Happenstance pushed Bob Gawboy into the swimming pool, where he made quite a splash as arguably the state's best-ever male swimmer.
The son of an Ojibwe father and Finnish mother born during the Great Depression in 1932, Gawboy grew up on the Vermilion Lake Indian Reservation near Tower in the far-northern reaches of Minnesota.
When he showed up as a freshman at Ely High School in the late 1940s, he considered all the sports offered. Most held practices after school, a deal-breaker for a kid who needed to hop a bus following classes for a 10-mile ride home.
"I knew nothing about swimming when I went out for the Ely team as a ninth-grader," he said in 1955.
Short in stature but loaded with determination, Gawboy captured the state high school title in the 100-yard breast stroke in 1949, set a state record in the 200-yard freestyle in 1950 and went on to shatter other national high school records. In 1955, he eclipsed the world record in the 220-yard breast-stroke event at a National Amateur Athletic Union Championships. Today, he's the only swimmer enshrined in the American Indian Athletic Hall of Fame in Kansas.

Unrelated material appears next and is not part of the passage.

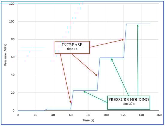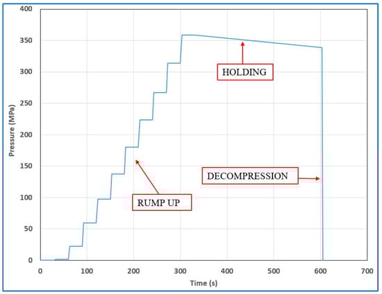 The samples were subjected to increasing pressure for approximately 5 min during each cycle. After reaching a pressure of 350 MPa, there was a 5-min hold, followed by rapid depressurization. The entire cycle, each lasting 10 min, was repeated four times. The sample was then cooled to 5–8 °C and sent for analysis. Figure 4 shows, in detail, the pressure changes during one cycle, without a pause after decompression. Figure 5 illustrates, in detail, the pressure increase during the first 5 min of the cycle, i.e., pressure was increased in 3-s increments, followed by a 27-s period of equalization. An equalization period was included to achieve an overall average pressurization rate of 1 MPa per second. (Note that Figure 4 only shows the pressure changes during the first 2 min of a single cycle).

All those achievements are even more dazzling when you consider Gawboy could see out of only one eye, suffering from blood-vessel issues and coordination problems that led to a multiple sclerosis diagnosis in 1969. Despite his medical setbacks, Gawboy kept coming back to stun everyone in and out of the pool.

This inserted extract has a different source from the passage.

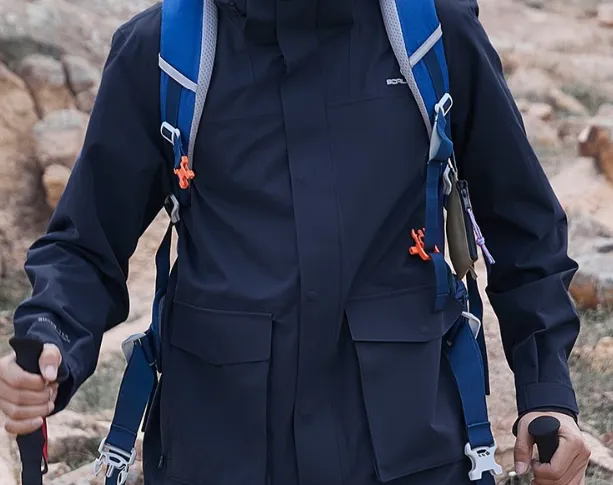 #该冲锋衣配备多用途口袋,满足户外储物需求

"If I had to pick a boy swimmer over 90 years of state high school competition that stood above all others, it would be either Bob Gawboy or [three-time Olympian] Tom Malchow," said Bob Erickson, a longtime swim coach and Chanhassen author of a new book, "Minnesota Splash" — an exhaustive history of competitive swimming in the state.
Erickson, 81, not only scoured record books, he also talked to old-timers. (His book is available at www.ElsmoreSwim.com.)